▶ _WHAT THE TASK ASKS_
Nothing but the lines below from the one containing "Sant’Antonio è a" through the one containing "前髪を目のギリギリにしてマッ" should appear in the answer, exact and without pictures.

▶ _RECORDS SUPPLIED_
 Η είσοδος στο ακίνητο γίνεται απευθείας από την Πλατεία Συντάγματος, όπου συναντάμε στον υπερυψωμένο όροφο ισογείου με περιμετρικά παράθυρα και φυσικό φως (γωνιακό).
--
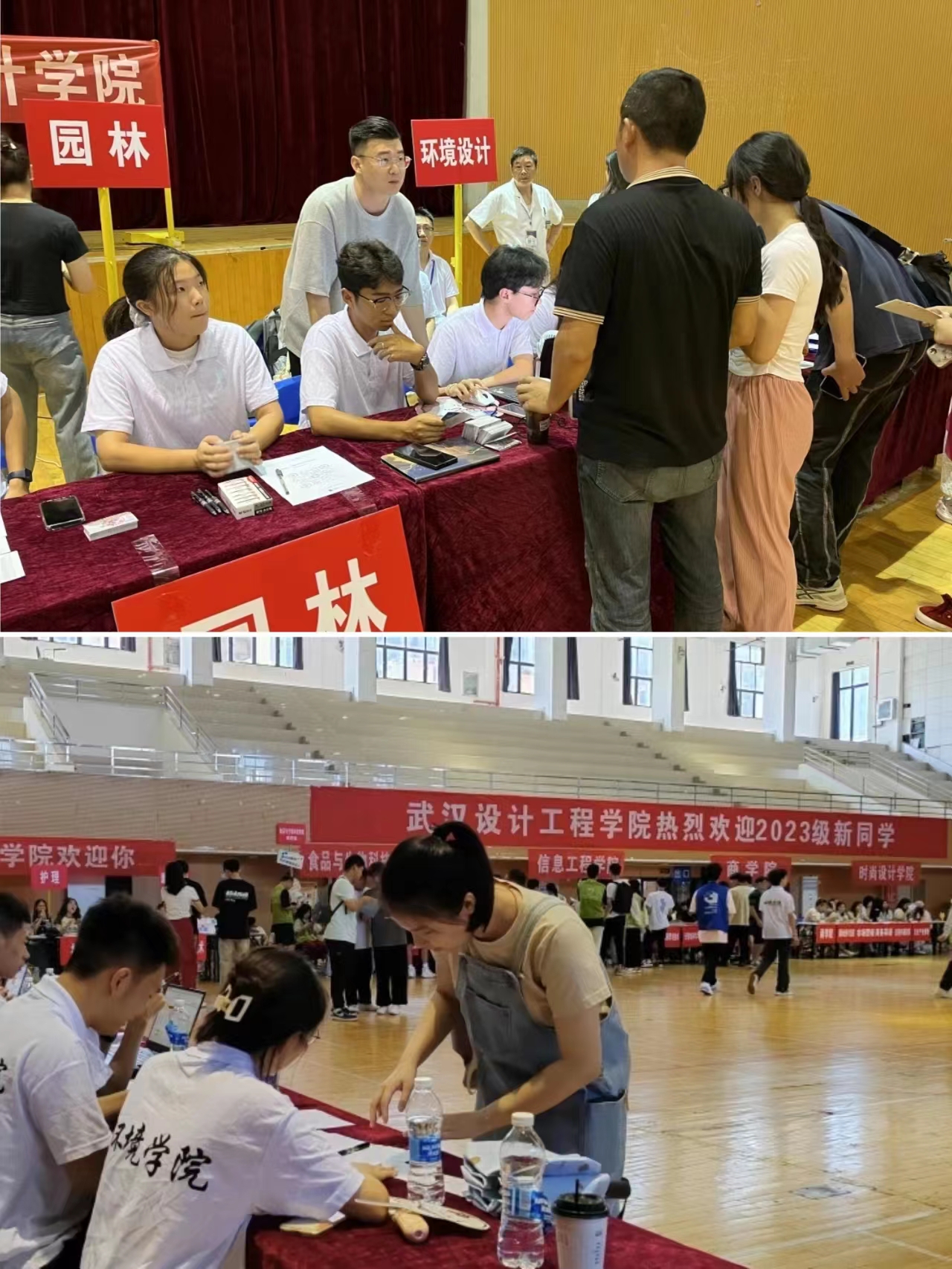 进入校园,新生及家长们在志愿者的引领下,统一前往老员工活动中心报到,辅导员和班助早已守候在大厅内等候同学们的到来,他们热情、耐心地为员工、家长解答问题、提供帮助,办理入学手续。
...
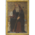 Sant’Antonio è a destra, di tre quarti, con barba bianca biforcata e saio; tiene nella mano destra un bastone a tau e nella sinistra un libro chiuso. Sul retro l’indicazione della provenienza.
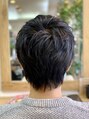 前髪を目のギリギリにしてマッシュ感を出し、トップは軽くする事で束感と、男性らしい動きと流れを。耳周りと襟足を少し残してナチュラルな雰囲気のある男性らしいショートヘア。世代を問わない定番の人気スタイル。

▶ _RESPONSE FOR THIS EXERCISE_
 Sant’Antonio è a destra, di tre quarti, con barba bianca biforcata e saio; tiene nella mano destra un bastone a tau e nella sinistra un libro chiuso. Sul retro l’indicazione della provenienza.
 前髪を目のギリギリにしてマッシュ感を出し、トップは軽くする事で束感と、男性らしい動きと流れを。耳周りと襟足を少し残してナチュラルな雰囲気のある男性らしいショートヘア。世代を問わない定番の人気スタイル。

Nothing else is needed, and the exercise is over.